The most likely replacement for present silicon-based solar photovoltaics is a family of materials called perovskites. They have the potential for panels that are far lighter and thinner, which might be produced at ultra-high through placed at room temperature rather than at hundreds of degrees, and which are also less expensive and simpler to carry and install.
Researchers are working on encapsulating the perovskite in various protective materials to protect it from exposure to air and moisture. They are also researching the precise mechanisms that cause that degradation in the hope of developing formulations or treatments that are more inherently robust. A key discovery is that the breakdown is largely due to a process known as autocatalysis.
With this, researchers have developed a machine-learning approach that can significantly streamline the search for promising new candidate compositions for perovskites. This process is analogous to seeking a needle in a haystack. This novel strategy could expedite the creation of new alternatives.
While most machine-learning systems utilise raw data such as measurements of the electrical and other properties of test samples, they typically do not incorporate human experiences such as qualitative observations made by experimenters of the visual and other properties of test samples, or information from other experiments.
Consequently, the researchers devised a mechanism to include such external information into the machine learning model, utilising a Bayesian Optimisation-based probability component. This new system based on an innovative approach to machine learning could accelerate the development of optimised production methods and contribute to the realisation of the next generation of solar power.

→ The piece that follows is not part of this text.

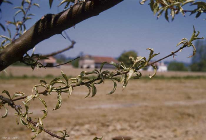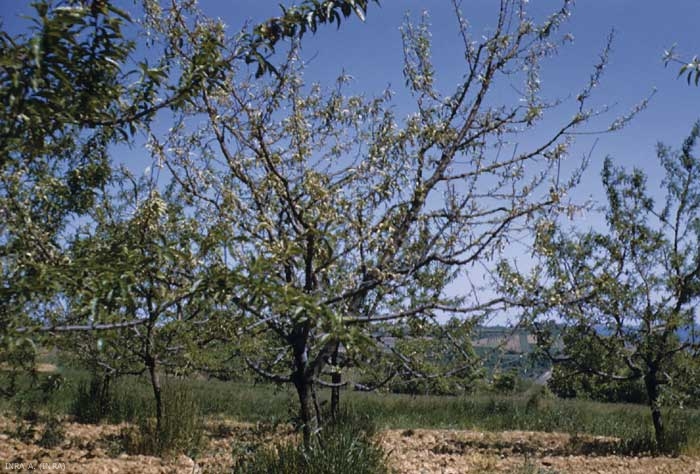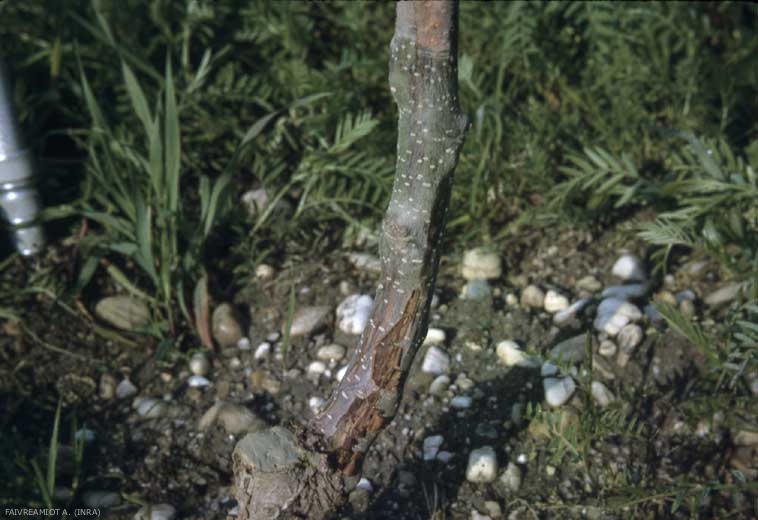 Sur les parties lignifiées, des nécroses de l'écorce (figure 3) vont se former et les extrémités des rameaux se dessécher. Un épanchement de gomme sera par la suite observé. Lors d'attaques importantes, les branches finissent par dépérir avec l'apparition d'une pourriture sèche. Les rameaux finissent par avoir un aspect court-noués (figures 4 et 5) et meurent au bout de quelques années.

This advanced technology, developed by the Massachusetts Institute of Technology and Stanford researchers enables the incorporation of data from previous trials and information based on the personal observations of experienced workers into the machine learning process.
It has improved the accuracy of the results and has already led to the production of perovskite cells with an energy conversion efficiency of 18.5 per cent, which is now viable for the current market.
On the other hand, manufacturing perovskite-based solar cells necessitate the simultaneous optimisation of a dozen or more factors, and that’s just one of many possible manufacturing methods.
Perovskites have a high tolerance for structural flaws, which is one of their major advantages. It can function well even with numerous imperfections and impurities, unlike silicon, which requires extremely high purity to function well in electronic devices.
However, at least a dozen variables may impact the outcome of this procedure. It is impossible to evaluate every conceivable combination of these factors through testing; hence, machine learning was required to lead the experimental procedure.
Thus, most of the existing research on machine-learning-driven perovskite PV fabrication focuses on spin-coating, a lab-scale technique and only a few organisations have the expertise in both engineering and computation to drive such advances.
Furthermore, perovskites continue to show enormous potential, and several businesses are now preparing to commence commercial manufacturing, but durability remains their greatest challenge. Perovskites degrade considerably faster than silicon solar panels, which preserve up to 90 per cent of their power production after 25 years.
Initial samples lasted only a few hours, then weeks or months, but current formulations have useful lives of up to a few years, making them acceptable for applications where durability is not important. The primary goal of the researchers was to accelerate the process, so it required less time, fewer experiments, and fewer human hours to develop something that is usable right away, for free, for the industry.